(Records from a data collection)
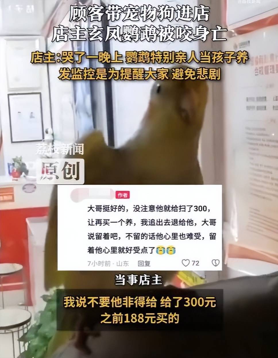 近日,山东烟台,一顾客带狗进店,不料店主的玄凤鹦鹉被狗咬身亡。
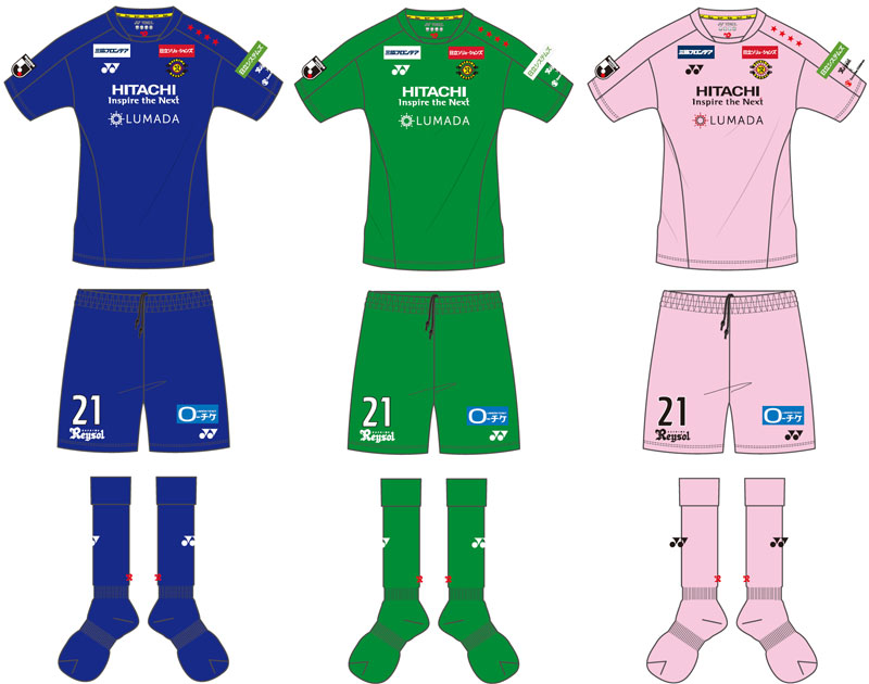 現時点での各部スポンサーは、胸に「HITACHI」、背中上に「Aflac(アフラック)」、背中下に「日立ビルシステム」、鎖骨右に「三協フロンティア」、鎖骨左に「日立ソリューションズ」、左袖に「日立システムズ」、パンツ前面に「ローチケ(ローソンチケット)」、パンツ背面に「日立ハイテク」。
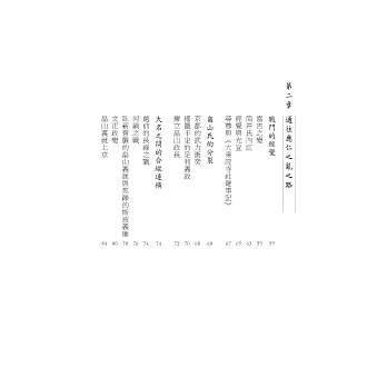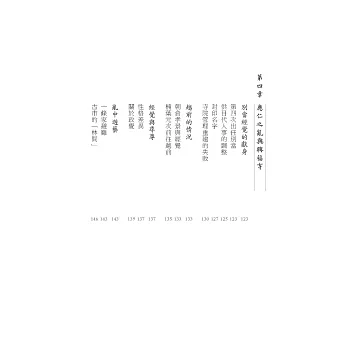 以上兩項重要事件,引爆、扭轉了應仁之亂的情勢。然而這場戰爭持續超過十年,其中必然受到包括足輕的出現、全新攻城武器登場、戰爭方法改變在內多項條件影響。過去由於出場人物太多、主支線盤根錯節而令人卻步的應仁之亂,在本書作者清晰的輪廓梳理加以淺顯易懂的文字解說,將有助所有對日本中世史感興趣的朋友一探究竟,對不只這場戰爭、包括這個迷人的時代,建立更多認識。
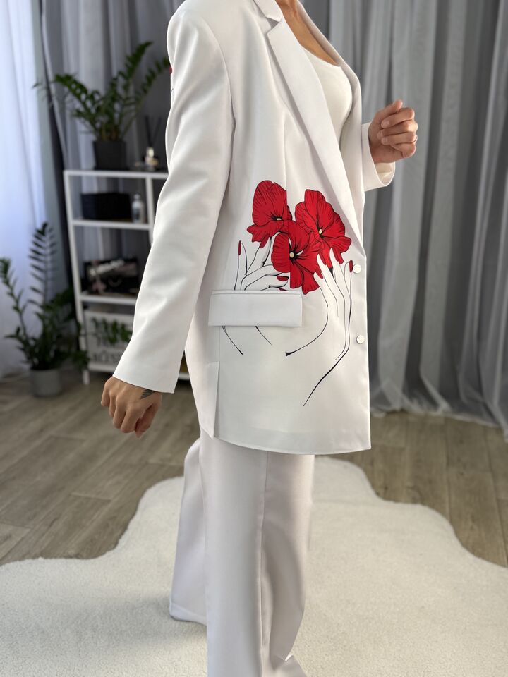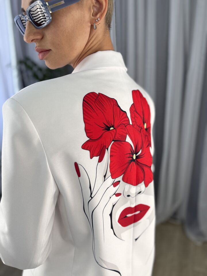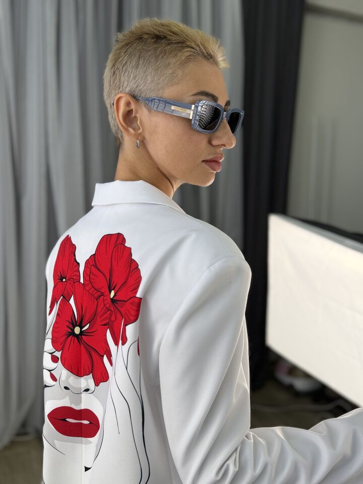 Принт — унікальний. Кожен створюємо самі, тож такого жакета ви не знайдете в масмаркеті.
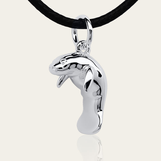 Manatee charm necklace. Made from highly polished, tarnish resistant silver, strung on a strong cord. © Adrian Ashley

_Aim of the exercise_
Every record above should be duplicated precisely, with the images removed.

_Answer_
 近日,山东烟台,一顾客带狗进店,不料店主的玄凤鹦鹉被狗咬身亡。
 現時点での各部スポンサーは、胸に「HITACHI」、背中上に「Aflac(アフラック)」、背中下に「日立ビルシステム」、鎖骨右に「三協フロンティア」、鎖骨左に「日立ソリューションズ」、左袖に「日立システムズ」、パンツ前面に「ローチケ(ローソンチケット)」、パンツ背面に「日立ハイテク」。
 以上兩項重要事件,引爆、扭轉了應仁之亂的情勢。然而這場戰爭持續超過十年,其中必然受到包括足輕的出現、全新攻城武器登場、戰爭方法改變在內多項條件影響。過去由於出場人物太多、主支線盤根錯節而令人卻步的應仁之亂,在本書作者清晰的輪廓梳理加以淺顯易懂的文字解說,將有助所有對日本中世史感興趣的朋友一探究竟,對不只這場戰爭、包括這個迷人的時代,建立更多認識。
 Принт — унікальний. Кожен створюємо самі, тож такого жакета ви не знайдете в масмаркеті.
 Manatee charm necklace. Made from highly polished, tarnish resistant silver, strung on a strong cord. © Adrian Ashley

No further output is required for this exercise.